Каспар Прекль был как будто еще глубже погружен в себя, чем прежде. Но мгновенно ожил, стоило ему понять, что теперь, когда в кабинете произошли перемены, надежда на освобождение Мартина Крюгера снова рухнула. Он заявил — да, да, надо немедленно что-то предпринять. Казалось, он только и ждал ее прихода. Мгновенно бросился к телефону, позвонил в управление фирмы «Баварские автомобильные заводы», попросил соединить его с Пятым евангелистом. Пришел в неистовство, начал требовать. Успокоился, только когда сам директор Отто заверил его, что г-н фон Рейндль действительно в отъезде. Иоганна не заметила, как облегченно вздохнул Прекль.

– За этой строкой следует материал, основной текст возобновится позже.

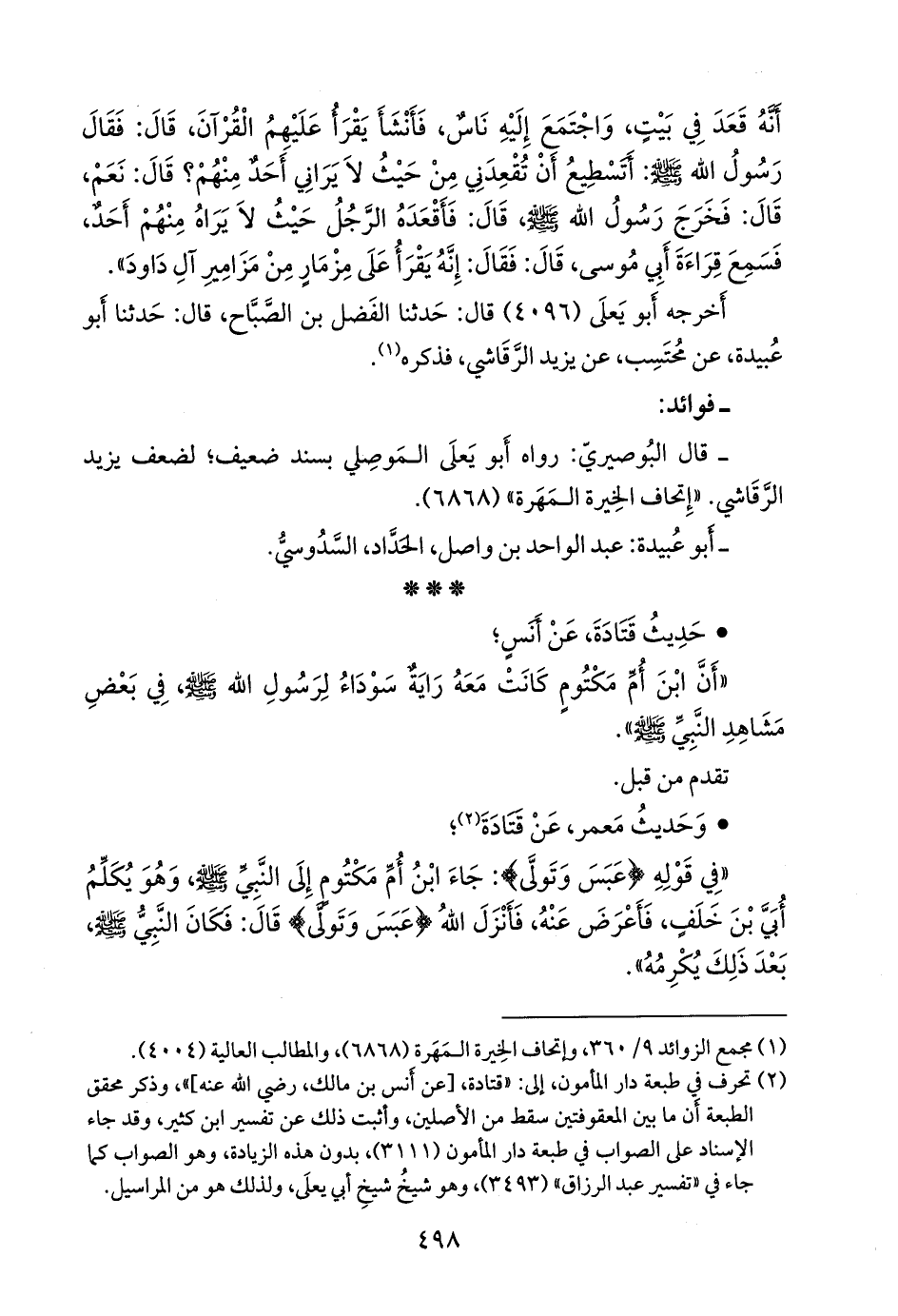 (¬١) تحرف في طبعة دار المأمون لمسند أبي يعلى، إلى: «قتادة، [عن أَنس، رضي الله عنه]»، وذكر محقق الطبعة أَن ما بين الحاصرتين سقط من الأصلين، وأثبت ذلك عن تفسير ابن كثير، وقد جاء الإِسناد على الصواب في طبعة دار القِبلة (٣١١١)، و «تفسير عبد الرزاق» (٣٤٩٣)، وهو شيخ شيخ أبي يَعلى، بدون هذه الزيادة، وهذا من مراسيل قتادة، أَما «تفسير ابن كثير» ٨/ ٣١٩، فقد وضع محققه: «عن أَنس» بين قوسين، وقال: تنبيه: ما بين المعقوفين ليس في أَصل مسند أَبي يعلى، وتفسير عبد الرزاق، وهو من النسخ، وأظنه مقحمًا، والله أَعلم، وأَضافها محقق دار المأمون إِستنادا إِلى هذا الإقحام.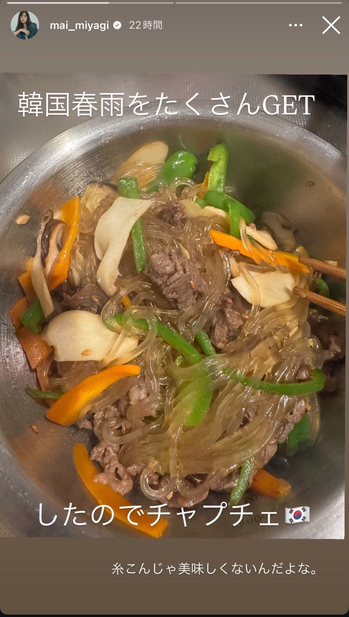 2児の母・宮城舞、韓国春雨使った本格手作りチャプチェ披露「具だくさんで美味しそう」「彩り満点」の声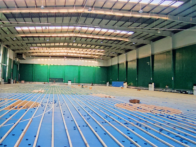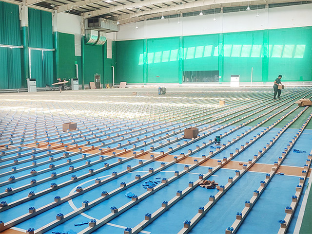 襄都區體育館運動木地板鋪設施工中。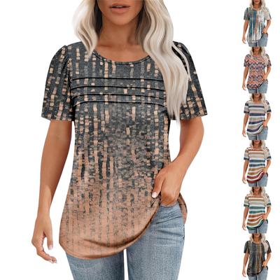 Women's Fashion Printed Casual Pleated Round Short Sleeve T-Shirt Top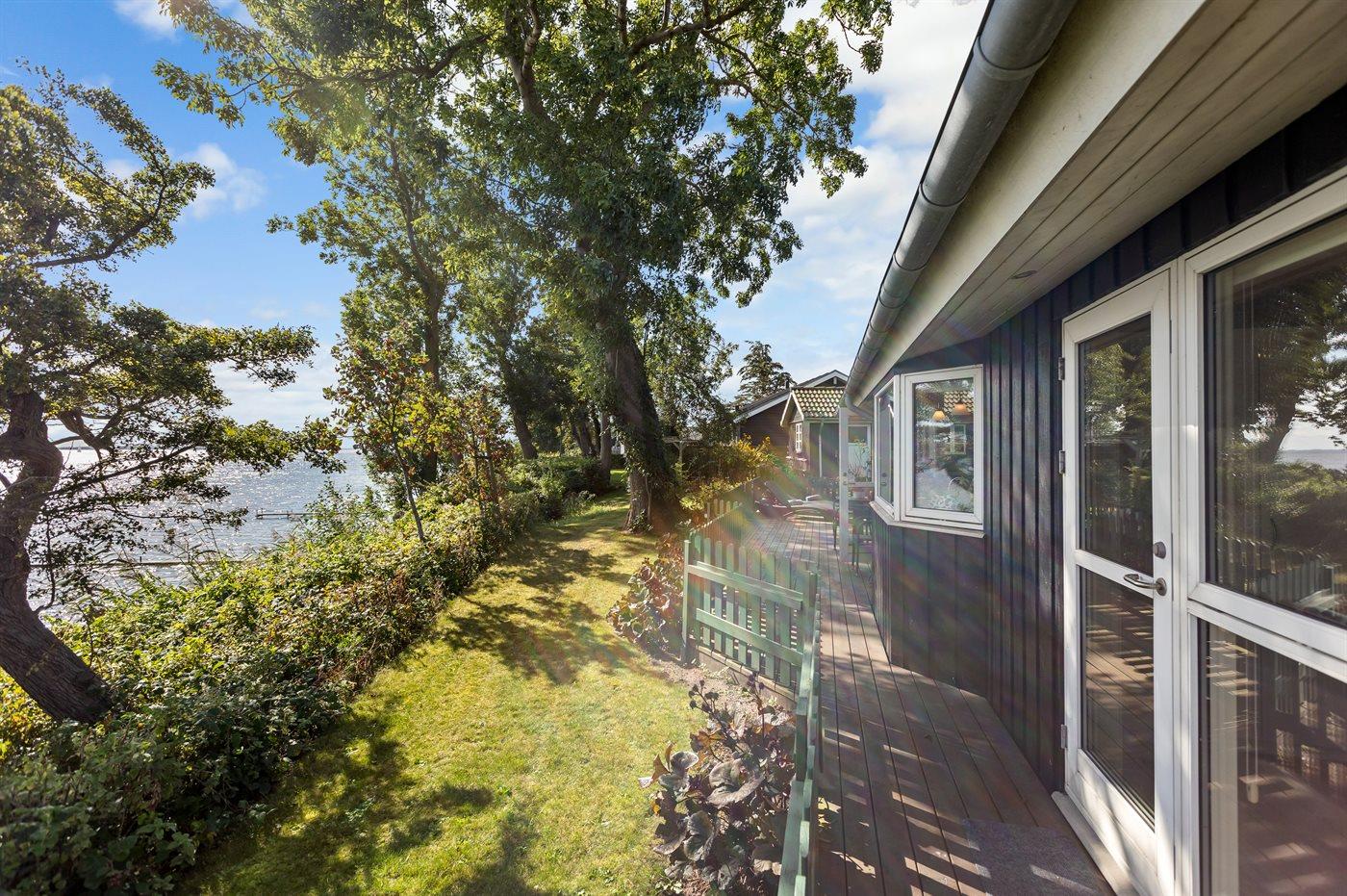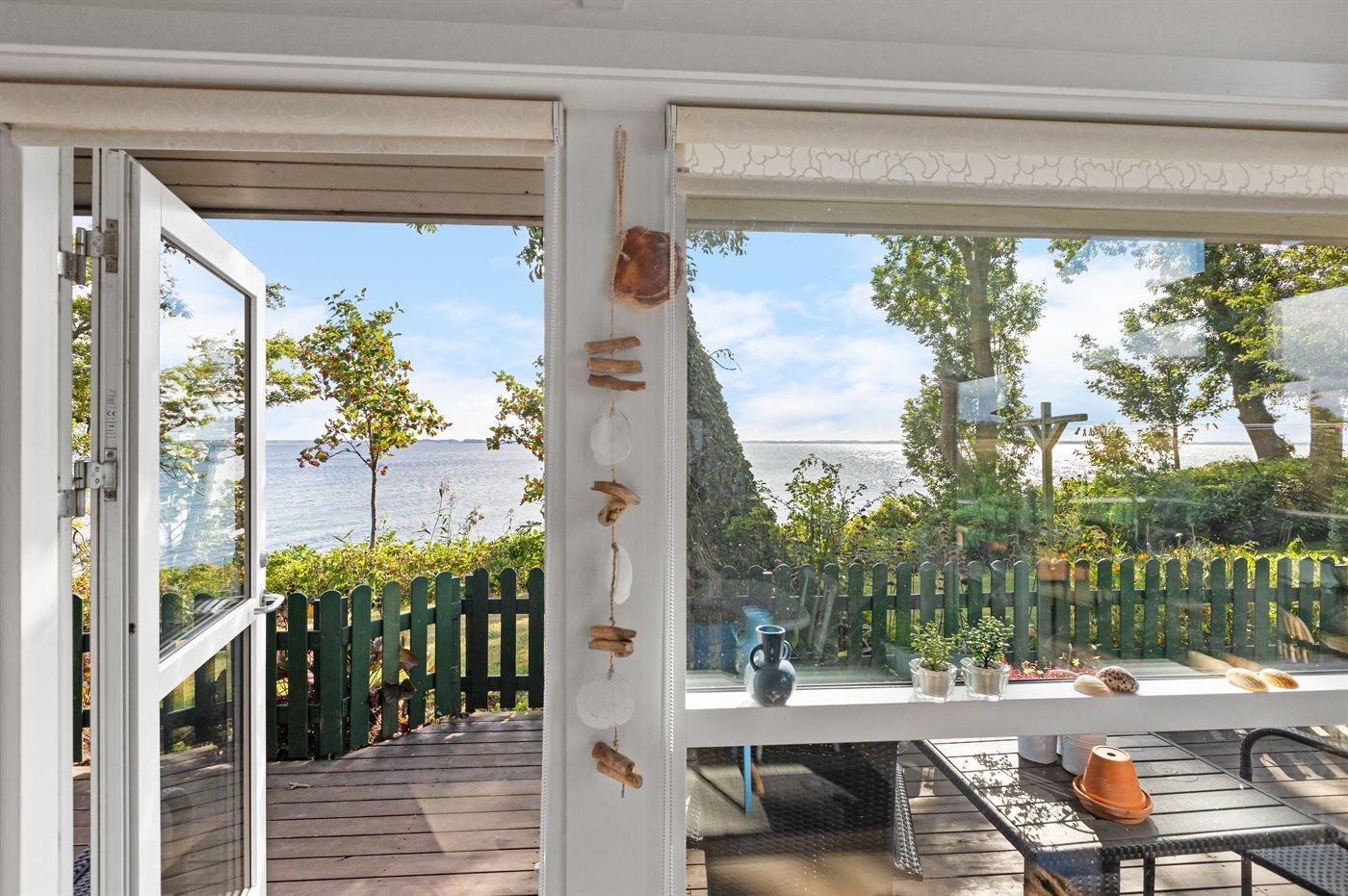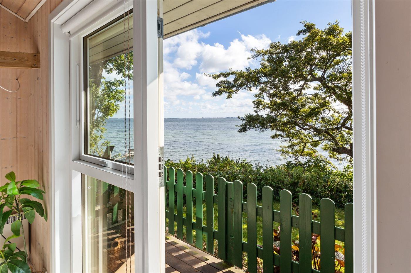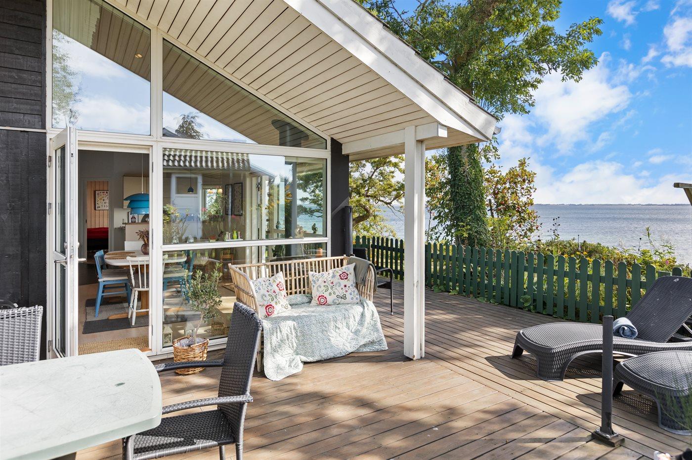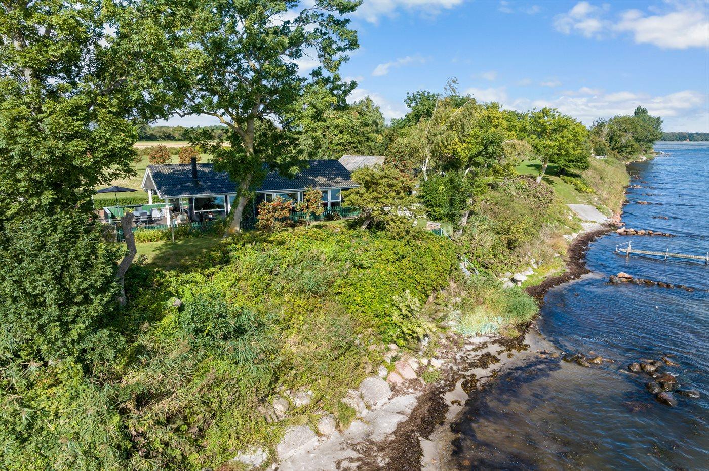 Fra både huset og terrasserne, som ligger højt, er der udsigt helt til Langeland. Fra huset fører en trappe ned til en hyggelig terrasse ved vandet, og videre ad en trappe er der direkte adgang til stranden.

Но он не сложил оружия. Побежал к вдове Ратценбергер. Многие уже пытались туманные показания г-жи Кресценции Ратценбергер облечь в такую четкую форму, чтобы самый недружелюбно настроенный судья не мог от них отмахнуться. Но вдова Ратценбергер не шла ни на какие уговоры. Да, ее Франц Ксавер все еще горел в пламени чистилища, но страх перед Людвигом пересиливал в ней тревогу за покойника, который с ее помощью все-таки стал намного ближе к вечному блаженству, чем раньше. Так что она и на этот раз отнекивалась и увиливала. Но Каспар Прекль продолжал настаивать. Она не поддалась ни мягким уговорам, ни угрозам, не поддалась даже голосу совести, но не выдержала зловещей мрачности Прекля, еще более зловещей, чем мрачность грубияна Людвига. Больная, слабоумная девочка Кати заревела в голос, так она испугалась худющего, злого мужчины, который сердито разговаривал с ее матерью. Чтобы как-нибудь успокоить ее, вдове Ратценбергер пришлось пустить воду из водопроводного крана. Каспар Прекль был неумолим. Под тихое и жалобное пение Кати, под бульканье и журчание воды из крана он заставил вдову Ратценбергер подписать показания куда более ясные и определенные, чем она давала прежде.